One of the major virulence traits of M. tuberculosis is its ability to parasitize host macrophages. Pools of mutants generated by STM have also been used in vitro, in THP-1 macrophage-like cells, to search for genes involved in macrophage parasitism. We have identified 23 mutants corresponding to 21 genes or genetic regions that were attenuated in their ability to survive and multiply inside human macrophages. Mutants disrupted in the ABC transporter-encoding genes Rv0986 and Rv0987 were further characterized as being impaired in their ability to bind to host cells. The genetic region has a G+C content inferior to 55% and is in contrast to the G+C content of the M. tuberculosis (superior to 65%).

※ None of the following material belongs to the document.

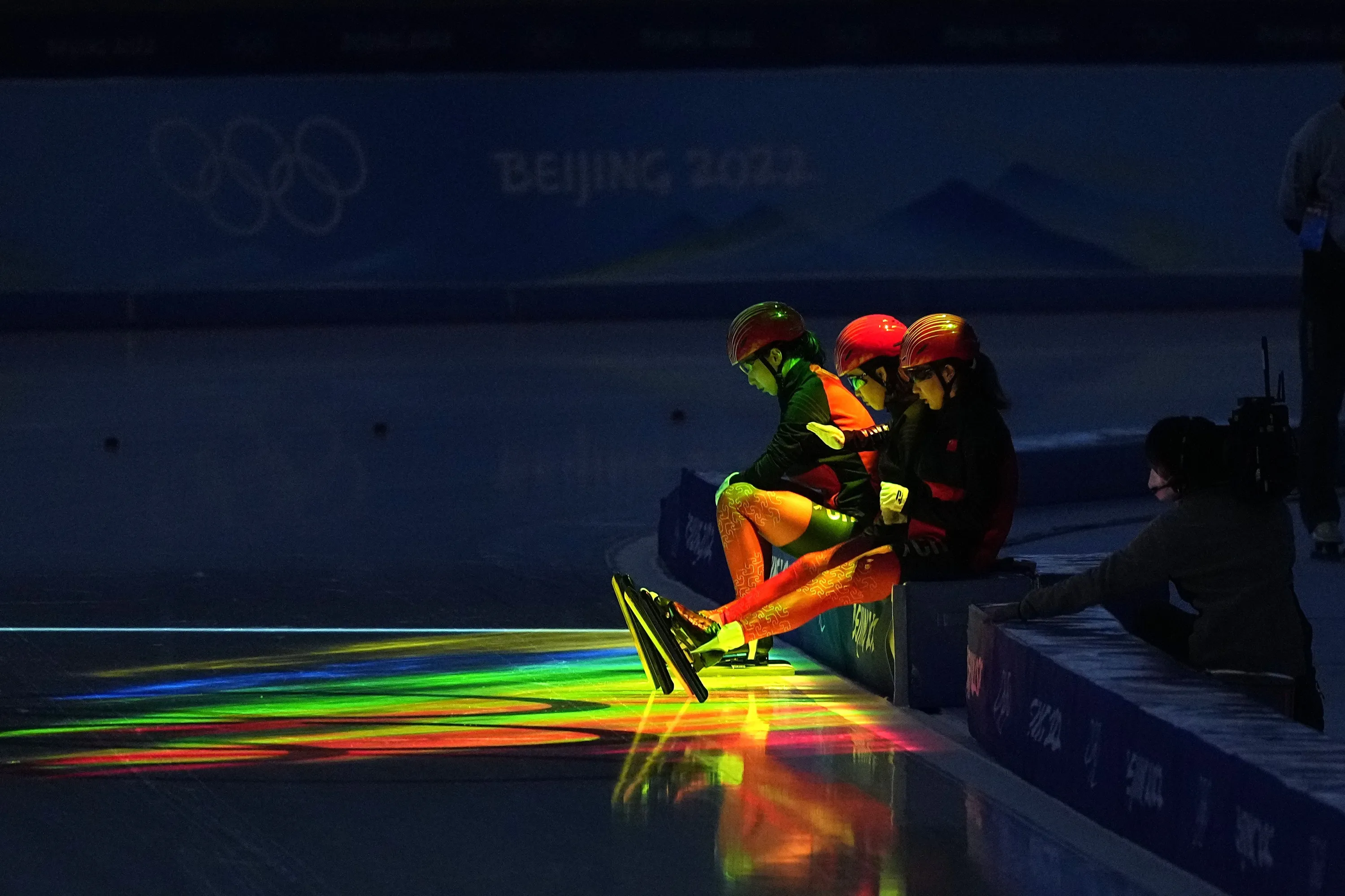 Team China readies to compete in the speedskating women's team pursuit quarterfinals at the 2022 Winter Olympics, Saturday, February 12, 2022, in Beijing. (Photo by Sue Ogrocki/AP Photo)
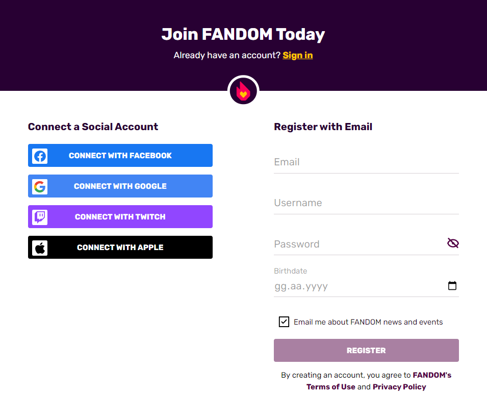 Creating an account on Fandom is free, easy, and a great way to join a passionate community of people who love what you love. Having an account also gives you extra abilities and features to which unregistered users do not have access. Your account is used for every wiki, so you only need to create it once, and you will be able to log into every Fandom community.

The Rv0986-Rv0987-Rv0988 operon is highly homologous to ate-H in Agrobacterium tumefaciens, an a-proteobacteria infecting plant roots. This led us to suggest that the operon might have been acquired by the bacilli through horizontal gene transfer (HGT). Using a combination of molecular biology and in silico approaches we have shown that this operon is indeed specific to the M. tuberculosis complex and has been acquired by the ancestor of the complex through HGT from a γ-proteobacterium species. Further analysis of the M. tuberculosis genome using four nucleotides genomic signature revealed 48 M. tuberculosis-specific chromosomal regions with atypical characteristics, potentially due to HGT from environmental bacteria. Many display features typical of the genomic islands found in other bacteria, including residual material from mobile genetic elements, flanking direct repeats, insertion in the vicinity of tRNA sequences, and genes with putative or documented virulence functions.
Intra-species horizontal transfer
Using other approaches based on phylogenetic and linkage disequilibrium analysis we analyzed 24 genomes of M. tuberculosis complex isolates and found an excess of genetic diversity in regions encoding key adaptive functions including the type VII secretion system and the ancient horizontally transferred virulence-related regions carrying Rv0986 and Rv0987 genes above described. This analysis showed evident signs of recombination in M. tuberculosis. Recombination tracts add a high density of polymorphisms, and many are thus predicted to arise from outside the clade. Recombination introduced an excess of non-synonymous diversity in general and even more in genes expected to be under positive or diversifying selection, e.g., cell wall component genes. Hence, contrary to some other pathogens and previous proposals concerning M. tuberculosis, this strain family may have come out of its ancestral bottleneck as a very successful pathogen that is rapidly diversifying by the action of mutation, recombination, and natural selection.
Figure 1 : Graphical representation of the distribution of SNPs in two regions of SNPs clustering. Virulence operon horizontally transferred to the ancestor of M. tuberculosis.
Figure 2 : Visualization of conflicting phylogenetic signals by the split decomposition method implemented in SplitsTree4.